Cold, rain and baths just do not go together.


----------



## MopTop Havanese (Sep 25, 2006)

Hello shoulder pain friends!
I too have a bum shoulder. I have had xrays, cat scan, MRI, corizone shots, shot 'therapy' (ouch) and nothing has helped so far. I have a bone deformity in my shoulder, and 2 years ago my dr said there was "nothing he could do for me right now", but that if I was 10 yrs older he would do a full shoulder replacement on me....*sigh*
I actually go back to a new dr on Thurs for a second opinion. I just cant stand the daily pain anymore. The weight I have gained because I can't do anything is pathetic. I need help!


----------



## Scooter's Family (May 23, 2008)

I had shoulder surgery several years ago. The doctor told me I had to have a repair done along with some other things but when he got in there it turned out to be large bone spurs causing impingement so the spurs were removed and it's been great. I still have pain occasionally but nothing compared to what it was before, I could hardly dress myself and couldn't put on my own coat! (Very embarrassing!) 

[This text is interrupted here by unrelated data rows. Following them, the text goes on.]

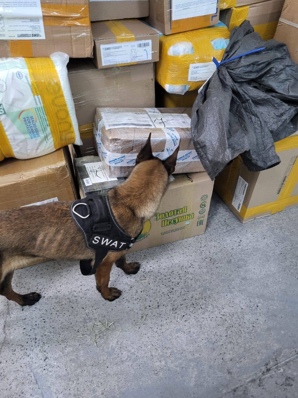 👮‍♂️Рейдтік іс-шараға қатысқан Есірткіге қарсы іс-қимыл басқармасының қызметкерлері мен кинологтар арнайы үйретілген қызметтік иттердің көмегімен күдік тудыратын жөнелтілімдерді мұқият тексеріп, есірткі заттарының иісін анықтауға бағытталған жедел іздестіру жұмыстарын жүргізді. Қызметтік иттер қысқа уақыт ішінде үлкен көлемдегі сәлемдемелерді тексеруге мүмкіндік береді, бұл өз кезегінде құқыққа қарсы әрекеттерді дер кезінде анықтауға ықпал етеді.
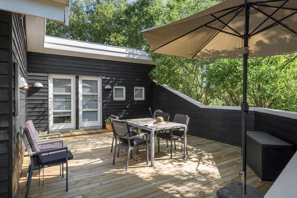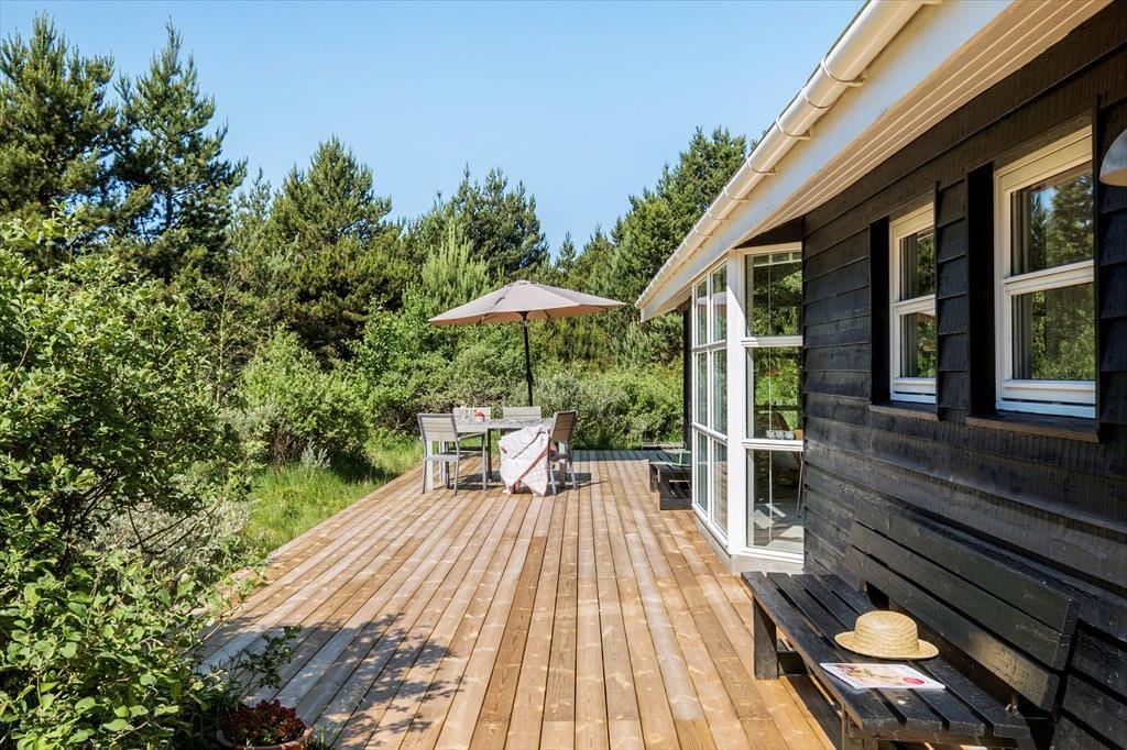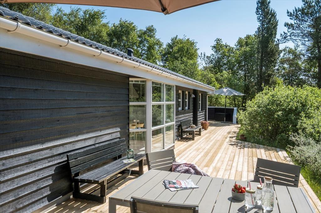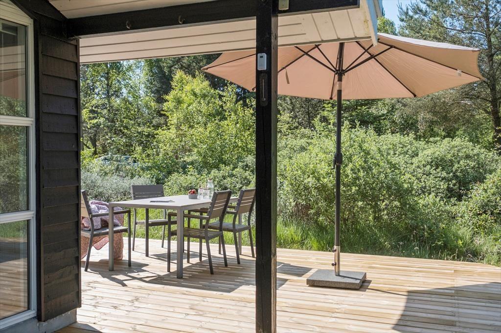 Udendørslivet er en særlig fornøjelse her, hvor husets terrasse og havemøbler indbyder til afslapning under åben himmel. Den rummelige terrasse er det ideelle sted at nyde sommerens lyse aftener med et glas vin eller et godt måltid, mens naturens lyde skaber en fredfyldt atmosfære. I løbet af dagen kan du følge skovens stille liv og fuglenes sang tæt på, og børnene kan boltre sig på grunden, der nærmest bliver en del af plantagen. Omgivelserne skaber en naturskøn ramme om ferien, uanset om du slapper af eller vil udforske området.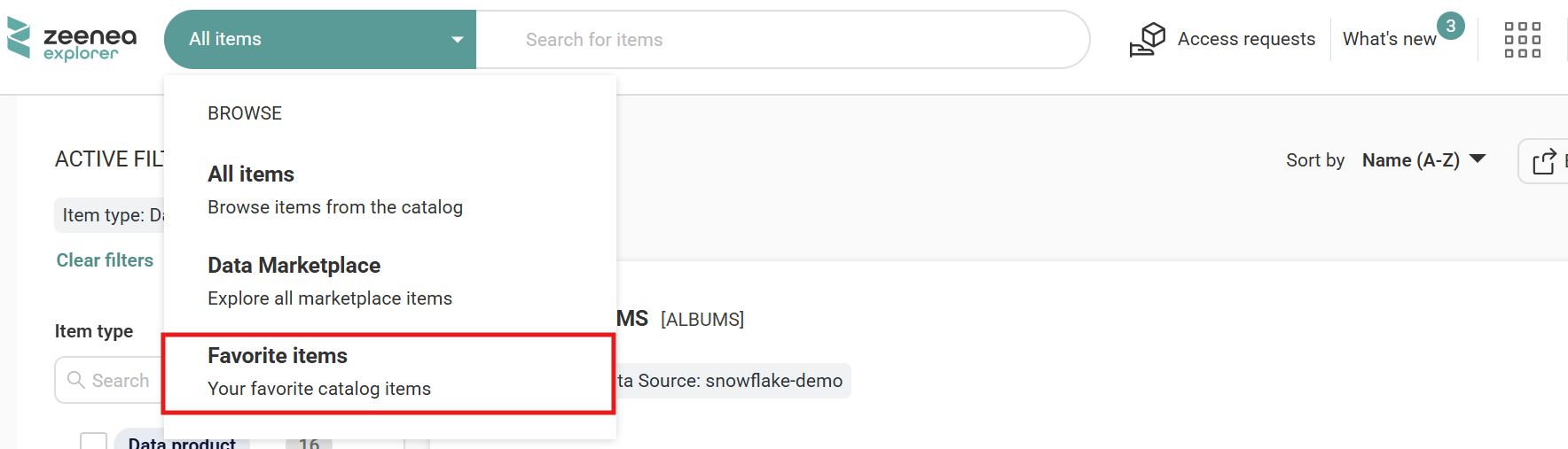Click the search bar dropdown in Zeenea Explorer.

Before it was properly diagnosed it saw so many doctors, had test after test, physical therapy off and on for over a year and finally got a doc that immediately ordered an MRI and scheduled surgery within 2 weeks. Don't give up if you're in pain, keep looking until you find a doctor who can help you.


----------



## TheVintageVamp (Oct 14, 2009)

I'm so desperate for some relief right now that I scheduled an appointment for accupuncture later this week. Something has got to give. I'm exhausted from only being able to catnap due to the pain. I'm allergic to codeine and many other pain relievers and my stomach is on strike from all the NSAID's......and yes, I feel like a huge, whiney brat over it...but since some of you are going through it as well, I felt safe letting that all out....

:focus:

I did manage to give Murray a bath last week when I had a day when I was feeling some better.


----------



## Scooter's Family (May 23, 2008)

I too am allergic to codeine so there are lots of drugs I can't take and I have ulcers from NSAIDS. It sure limits what you can use to help. When I feel a flare up coming I panic and try desperately to keep it at bay with rest and really eating well. Sometimes it helps, sometimes not. Thank God my husband is so kind and understanding, I don't know what I'd do without him.

Don't feel like a whiner Sally, it's awful to have chronic pain and there are many of us, too many, who understand. I'm here to listen anytime!


----------



## SMARTY (Apr 19, 2007)

I don't like taking any kind of drugs, most drugs that kill the pain keep me awake.


----------



## SMARTY (Apr 19, 2007)

:bump: :bump: :bump:

Today was major bath day. The girls had their Frontline Plus 4 or 5 days ago and I have been lazy about getting to the baths. Big Mistake waiting so long both girls had huge mats over the shoulder where the Frontline was applied. I have never noticed or had this before. Have any of you?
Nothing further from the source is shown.